• _YOUR GOAL_: In the entries below, find the line with "TOYOTA SIENTA 2016 г., лот № 5858" and the line with "Elindultunk hazafelé. Az". Print those two and everything between them exactly, and nothing else.

• _ENTRIES SUPPLIED_:
★ ★ ★ ★ ★ ★ ★

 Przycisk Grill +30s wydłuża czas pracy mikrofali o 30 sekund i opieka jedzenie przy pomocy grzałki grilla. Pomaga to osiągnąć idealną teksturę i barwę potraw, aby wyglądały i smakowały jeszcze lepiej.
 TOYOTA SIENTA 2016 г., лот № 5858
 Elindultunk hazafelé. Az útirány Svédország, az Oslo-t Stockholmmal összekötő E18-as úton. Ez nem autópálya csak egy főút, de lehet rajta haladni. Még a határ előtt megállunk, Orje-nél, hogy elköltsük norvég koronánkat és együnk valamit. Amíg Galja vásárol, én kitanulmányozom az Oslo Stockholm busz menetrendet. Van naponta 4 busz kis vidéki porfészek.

★ ★ ★ ★ ★ ★ ★

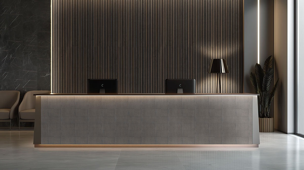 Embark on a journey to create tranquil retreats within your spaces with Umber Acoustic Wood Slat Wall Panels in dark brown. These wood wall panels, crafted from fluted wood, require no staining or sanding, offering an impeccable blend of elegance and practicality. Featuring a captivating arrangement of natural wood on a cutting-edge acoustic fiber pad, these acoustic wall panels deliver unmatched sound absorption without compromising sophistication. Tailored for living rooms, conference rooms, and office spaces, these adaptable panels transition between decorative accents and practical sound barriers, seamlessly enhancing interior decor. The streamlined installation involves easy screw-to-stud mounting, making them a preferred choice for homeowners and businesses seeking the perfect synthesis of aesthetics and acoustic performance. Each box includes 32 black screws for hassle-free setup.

★ ★ ★ ★ ★ ★ ★

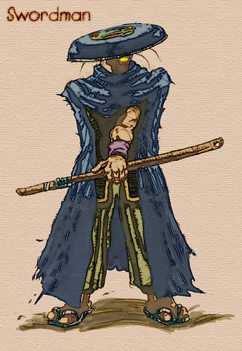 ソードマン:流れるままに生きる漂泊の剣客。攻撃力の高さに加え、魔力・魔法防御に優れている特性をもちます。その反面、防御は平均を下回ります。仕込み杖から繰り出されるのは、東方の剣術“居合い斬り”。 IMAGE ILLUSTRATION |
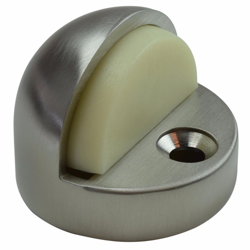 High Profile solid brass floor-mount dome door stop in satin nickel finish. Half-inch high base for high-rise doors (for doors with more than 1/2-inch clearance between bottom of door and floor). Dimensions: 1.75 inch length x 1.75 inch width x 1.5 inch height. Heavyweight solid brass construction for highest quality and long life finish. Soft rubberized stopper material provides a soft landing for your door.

★ ★ ★ ★ ★ ★ ★

• _REPLY_:
 TOYOTA SIENTA 2016 г., лот № 5858
 Elindultunk hazafelé. Az útirány Svédország, az Oslo-t Stockholmmal összekötő E18-as úton. Ez nem autópálya csak egy főút, de lehet rajta haladni. Még a határ előtt megállunk, Orje-nél, hogy elköltsük norvég koronánkat és együnk valamit. Amíg Galja vásárol, én kitanulmányozom az Oslo Stockholm busz menetrendet. Van naponta 4 busz kis vidéki porfészek.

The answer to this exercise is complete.